Марта улыбается, скорей всего последним двум словам, какими я обозвал этого головоногого. От её улыбки я мечтательно закрываю глаза.
– С вином ты всё рассчитал, как мне надо. Оливки некрасивые. Я не пе-ре-ва-ри-ва-ю вид сморщенных продуктов. А оливки ты видел какие у тебя получились? Теперь ты понимаешь, почему ты плох?
Я предпринимаю попытку вспомнить и воспроизвести состояние, которое я только что пережил. Вспомнить получается, воспроизвести нет.
– Да, Госпожа.
Марта берёт меня за ошейник, вздёргивает вверх, поднимая меня на ноги, и поднимается сама.
– Если ты посмеешь хоть кому-то рассказать, если хоть кто-то узнает, что сделает сейчас твоя госпожа, тебе несдобровать.
И она притягивает меня за ошейник лицом к своему лицу, и начинает слизывать с моих губ и щёк остатки еды и вина. Я закрываю глаза.
– Кто тебе разрешил закрывать глаза?
Исполняю. Смотрю на её лицо, находящееся в «беспространственной» близости от моего, начинаю концентрироваться вниманием на деталях её личика: стрелки на глазах, реснички, щёчки; вдруг до меня «доходит» запах Марты, и я уже ни о чём не могу думать. С силой втягиваю запах ещё глубже – какой же он у неё! Рефлекторно, чтобы усилить обоняние, забыв о запрете, закрываю глаза, ещё раз «прислушиваюсь» к запаху, к ощущениям, которые он вызывает во мне – мозг будто обволакивает и пропитывает свинцом. Открываю глаза. Мягкий язычок Марты так приятно касается области вокруг губ, задевая их. А в следующий момент она просто начинает облизывать мне губы.
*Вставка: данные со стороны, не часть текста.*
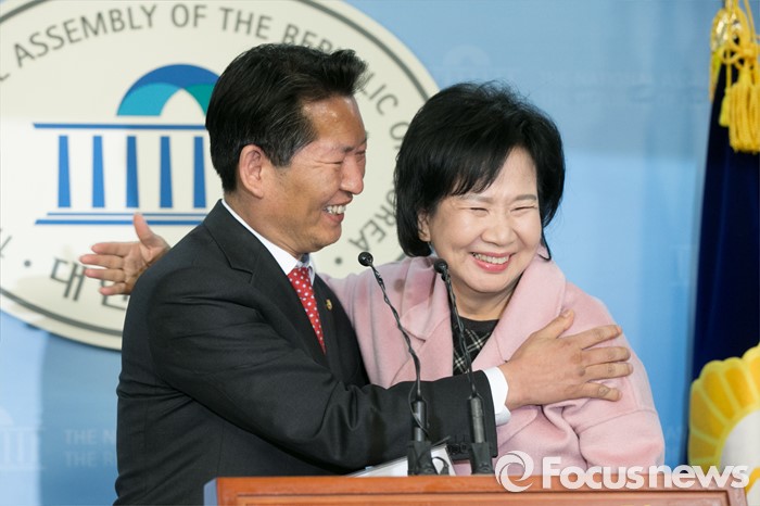 (서울=포커스뉴스) 손혜원(오른쪽) 더불어민주당 홍보위원장이 18일 오후 서울 여의도 국회 정론관에서 출마 기자회견을 마친 뒤, 정청래 의원과 포옹하고 있다. 한편, 손 위원장이 출마하게 될 서울 마포을 지역구는 공천 배제 된 정청래 의원 지역구이다.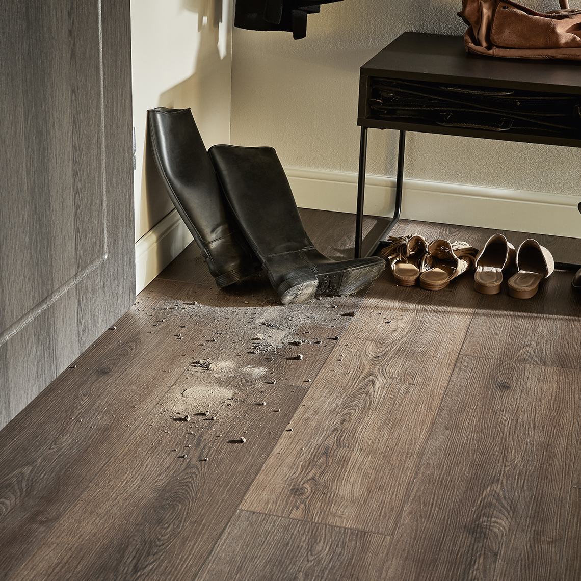 Stratul de uzură 0,55 mm protejează împotriva zgârieturilor, petelor și traficului zilnic. Pardoseala își păstrează aspectul ani la rând.

Марта увлекается, начинает слизывать вино с моего подбородка, переходит на шею, грудь, живот. Она очень красиво наклоняется, чтобы слизывать вино с моего живота, оставляя выпрямленными ноги, это «по-королевски», это как настоящая Госпожа. Если б она согнула при этом ноги или присела, я бы почувствовал себя стоящим над ней, а так у меня сохраняется ощущение, что я стою «у» ней. «Господи» – произношу про себя его имя, и добавляю фразой, в которой выражаю восхищение красотой фигуры Марты. Она у неё чёткая, и вся Марта такая ухоженная. Движением головы Марта перекидывает собранные в хвост волосы на одну сторону, чтобы они ей не попадали в рот, и я, рассмотрев её лицо, глазки, язычок, губки, заостряю внимание на корнях волос, рассматриваю просвечивающуюся кожу там, где волосы начинаются. Очень хочется прикоснуться к этим местам и плавно, без рывков, плотно прижимая подушечки пальцев к корням волос, начать массировать ей голову от височной и нижнезатылочной части к остальным. А потом распустить хвост и запустить пальцы в волосы, нащупывать кожу, массировать её. Можно сейчас рискнуть и сделать так. И Марта, скорей всего, не выразит отказа. И тогда, может, она уже не остановится. Но Игру хочется продлить ещё на не одно или несколько мгновений, хочется ещё чего-нибудь необычного. И в то же время уже ничего не хочется, но лишь быстрей видеть и чувствовать её под собой, вдавливаемую в диван животом, оттопыривающую задик, чтобы глубже принимать меня.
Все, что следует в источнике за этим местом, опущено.